> What to do:
Give back the records below exactly, every one, with no pictures.

> Working data:

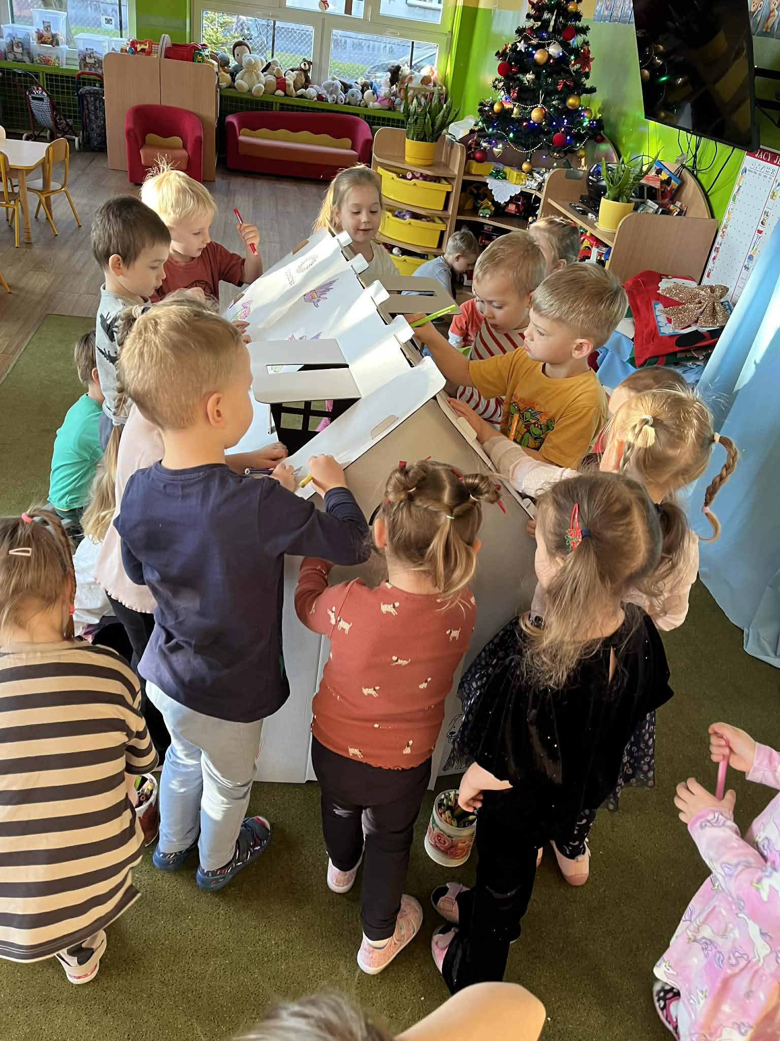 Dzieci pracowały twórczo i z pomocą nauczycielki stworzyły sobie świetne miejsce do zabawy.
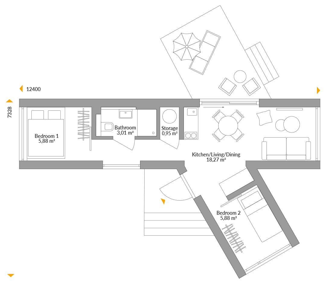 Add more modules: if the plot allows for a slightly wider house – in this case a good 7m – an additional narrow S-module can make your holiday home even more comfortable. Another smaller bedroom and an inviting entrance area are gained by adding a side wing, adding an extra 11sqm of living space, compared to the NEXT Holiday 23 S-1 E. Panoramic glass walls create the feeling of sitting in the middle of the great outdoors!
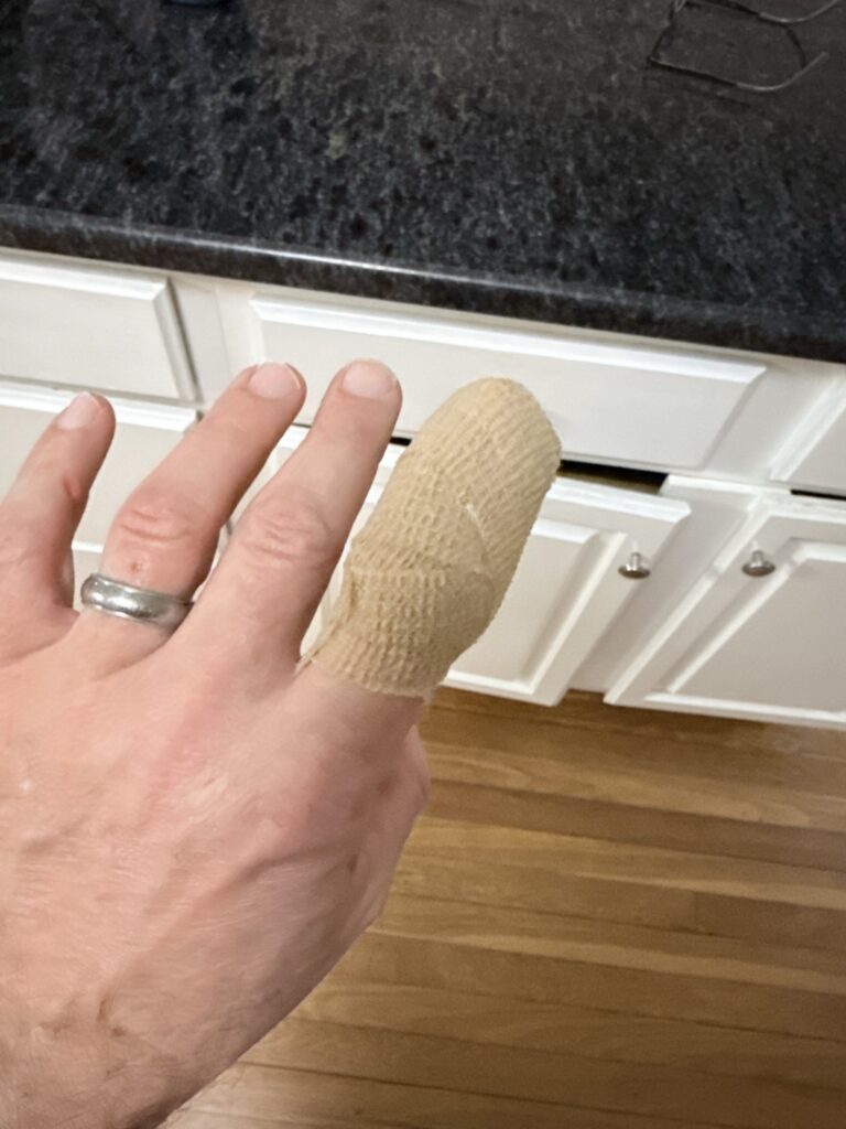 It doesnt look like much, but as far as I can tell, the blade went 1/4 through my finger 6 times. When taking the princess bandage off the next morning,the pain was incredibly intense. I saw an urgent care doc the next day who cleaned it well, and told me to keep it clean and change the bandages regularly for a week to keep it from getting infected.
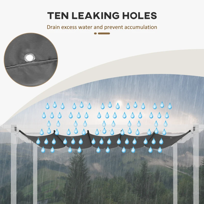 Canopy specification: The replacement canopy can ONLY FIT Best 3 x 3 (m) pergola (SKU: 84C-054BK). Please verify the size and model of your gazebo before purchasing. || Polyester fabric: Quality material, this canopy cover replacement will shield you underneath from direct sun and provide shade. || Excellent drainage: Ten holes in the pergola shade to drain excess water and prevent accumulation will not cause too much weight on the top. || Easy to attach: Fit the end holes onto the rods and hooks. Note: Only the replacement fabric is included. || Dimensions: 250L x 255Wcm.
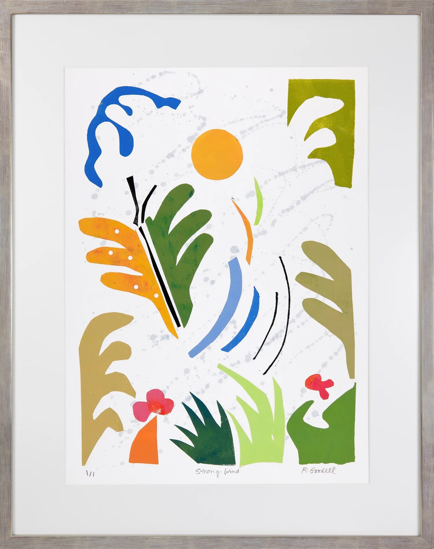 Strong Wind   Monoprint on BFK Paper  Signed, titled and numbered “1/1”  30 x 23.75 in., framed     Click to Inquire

> Task output:
 Dzieci pracowały twórczo i z pomocą nauczycielki stworzyły sobie świetne miejsce do zabawy.
 Add more modules: if the plot allows for a slightly wider house – in this case a good 7m – an additional narrow S-module can make your holiday home even more comfortable. Another smaller bedroom and an inviting entrance area are gained by adding a side wing, adding an extra 11sqm of living space, compared to the NEXT Holiday 23 S-1 E. Panoramic glass walls create the feeling of sitting in the middle of the great outdoors!
 It doesnt look like much, but as far as I can tell, the blade went 1/4 through my finger 6 times. When taking the princess bandage off the next morning,the pain was incredibly intense. I saw an urgent care doc the next day who cleaned it well, and told me to keep it clean and change the bandages regularly for a week to keep it from getting infected.
 Canopy specification: The replacement canopy can ONLY FIT Best 3 x 3 (m) pergola (SKU: 84C-054BK). Please verify the size and model of your gazebo before purchasing. || Polyester fabric: Quality material, this canopy cover replacement will shield you underneath from direct sun and provide shade. || Excellent drainage: Ten holes in the pergola shade to drain excess water and prevent accumulation will not cause too much weight on the top. || Easy to attach: Fit the end holes onto the rods and hooks. Note: Only the replacement fabric is included. || Dimensions: 250L x 255Wcm.
 Strong Wind   Monoprint on BFK Paper  Signed, titled and numbered “1/1”  30 x 23.75 in., framed     Click to Inquire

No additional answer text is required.